Такими мыслями тешил себя Вильямс, сидя у камина в прохладный августовский вечер, когда секретарь принес большое, обычной почтой присланное письмецо без обратного адреса. Оно было коротким. Некий господин, не называя себя, нагло назначил Вильямсу свидание на Аничковом мосту завтра в восемь вечера:
«Пусть ваша карета на излете моста притормозит, вы правую дверцу отворите, а я подсяду, как бы невзначай». Можно было бы посмеяться над бесцеремонным адресатом и бросить письмо в огонь, если бы не тайный гриф, а попросту говоря, пароль, которым это послание сопровождалось. Уже более года не получал Вильямс письма с подобным паролем.
На следующий день все произошло именно так, как желал безымянный писатель: правая дверца была отворена и в образовавшуюся щель впорхнул маленький, разноцветный, как колибри, господин с огромной шпагой и надуто-надменным выражением лица.
— Трогай, трогай, — прокричал он кучеру по-русски и, перейдя на немецкий, представился: — Барон Иона Блюм, с вашего позволения. Господин посол, я поступаю в полное ваше распоряжение.
Если бы они встали рядом. Иона Блюм, хоть был на каблуках, вряд ли достал бы Вильямсу до плеча. «Чем здесь можно распоряжаться?» — подумал посол с тоской, а вслух произнес:
— Я рад, что кто-то в Лондоне считает мое положение здесь устойчивым.
Ноги барона в башмаках, украшенных пряжками со стразами, не доставали до пола кареты, он неторопливо постукивал ими дружка о дружку, словно торопился бежать куда-то по неотложным делам.
— Не в Лондоне, сэр, а в Берлине, — сказал он быстро. — Вам имя Сакромозо ничего не говорит? — голос барона стал интимным.
— То есть абсолютно, — разрушил Вильямс всю таинственность. — Очень экзотическая фамилия.
— Никакой экзотики, обычный псевдоним… А может,
— Что-то я припоминаю, — Вильямс почесал бровь, он всегда так поступал в минуту задумчивости. — Он не мальтийский рыцарь?
— Пусть будет рыцарь, — согласился Блюм. — Сам он не может ехать в Россию по каким-то только ему известным обстоятельствам.
— Наследил? — усмехнулся Вильямс.

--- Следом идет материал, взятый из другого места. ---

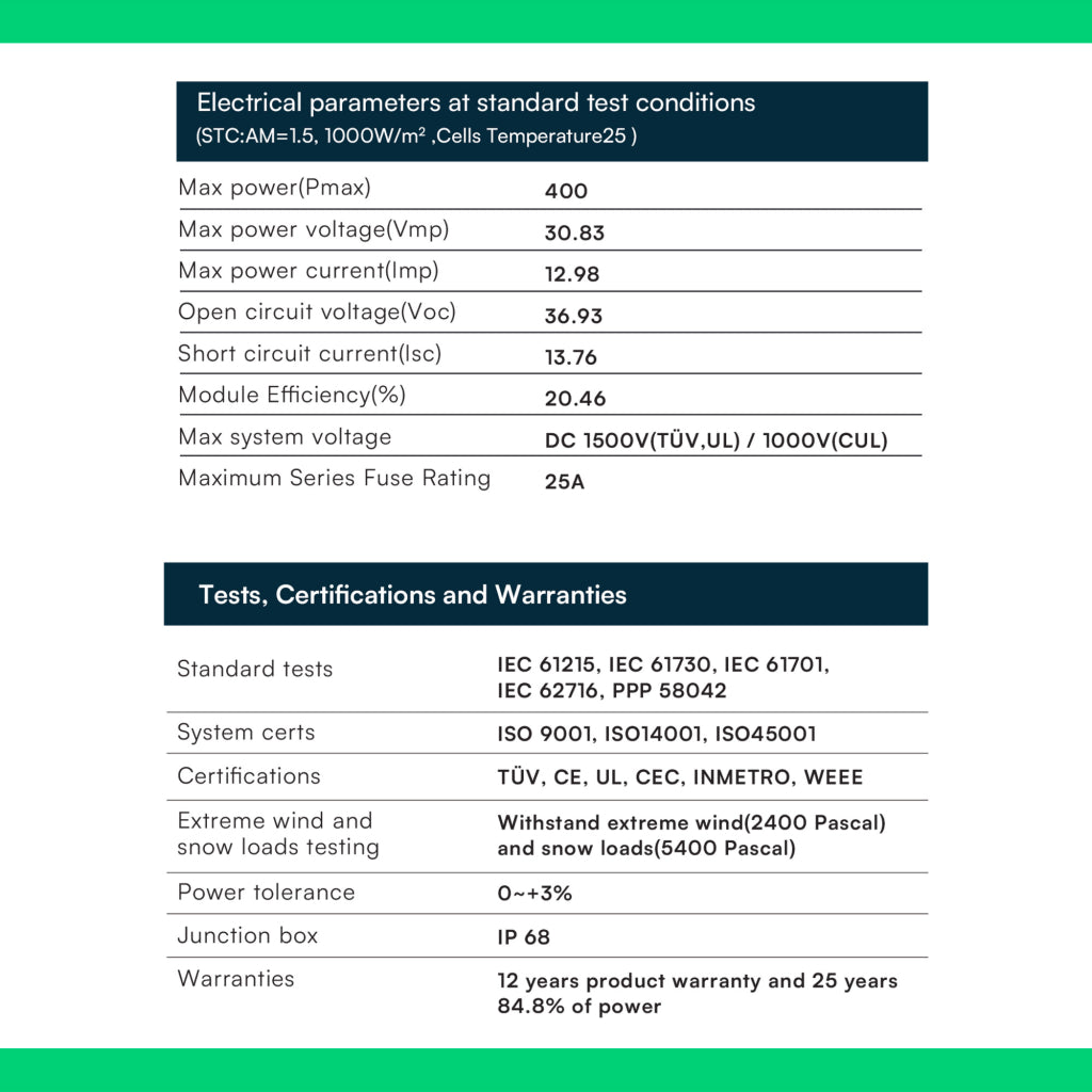 Certificato Tüv NORD. Scatola di giunzione IP67/IP68 a 3 diodi, 2 cavi di uscita di lunghezza 1,1 metro (110cm) 4mm² con connettore MC4, telaio in alluminio anodizzato, Vento/Neve: 2400Pa/5400Pa. Efficienza del modulo pari a 20.46%. 25 anni di garanzia sull'85% di producibilità, rendimento lineare.
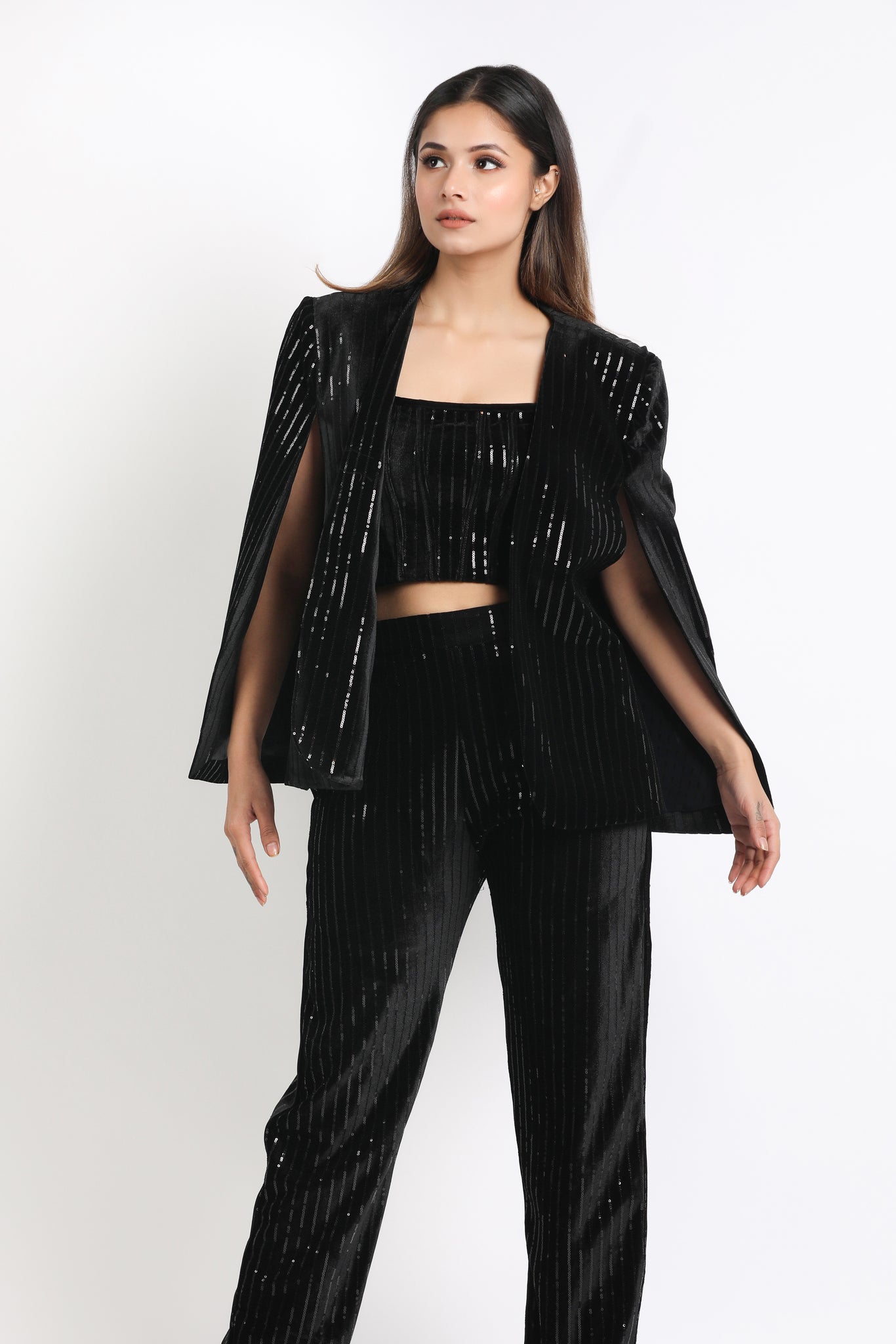This sequin black Velvet Pant suit is beautifully tailored which is a perfect outfit for Parties, evenings and Dates. It's time to rock Sequin to any Damm party!

Его уже невыразимо раздражал этот маленький, явно закомплексованный человечек. Откуда у коротышек это извечное желание командовать? Эта потребность в жестком, невежливом тоне? Он ведет себя по меньшей мере как равный. Англичанин никогда не позволил бы себе такого тона.
— Это вне моей компетенции, — важно сказал барон, — а я не желаю обременять себя лишними знаниями.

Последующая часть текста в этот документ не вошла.